I am using pystream to use CUDA within python. Despite the library not being developed, it’s pretty nice written and usable.
I am having trouble compiling kernels with nvcc and then loading them with ctypes as the names are mangled. In pystreams test directory, they have an example using the SDK matrixMul example kernel. I can get it to work if I hardcode the mangled name in my python code.

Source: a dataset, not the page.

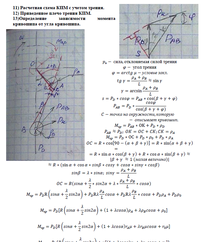 13. Определение зависимости момента кривошипа от угла кривошипа.

I was wondering if there is a way around this.
To build (Mac OS X):
nvcc -I/Developer/CUDA/projects/matrixMul -c -o matrixMul_kernel.cu_o matrixMul_kernel.cu g++ -L/usr/local/cuda/lib -lcudart -lcuda -dynamiclib matrixMul_kernel.cu_o -o libmatrixMul.dylib
$ nm -g libmatrixMul.dylib | grep ___device_stub 00000ec6 T ___device_stub__Z9matrixMulPfS_S_ii
And how I have to call it in python:
print 'Calling kernel Mul = matrixMul._Z9matrixMulPfS_S_ii(grid, threads) # rather than Mul = matrixMul.matrixMul(grid, threads) Mul(dC.data, dA.data, dB.data, WA, WB)
This is no big deal, but I assume given I don’t know what I am doing, that there are multiple things that I am doing wrong that have accidentally made this work.
I tried extern “C” for matrixMul in matrixMul_kernel.cu and that didn’t change anything. Also tried nvcc --host-compilation=C.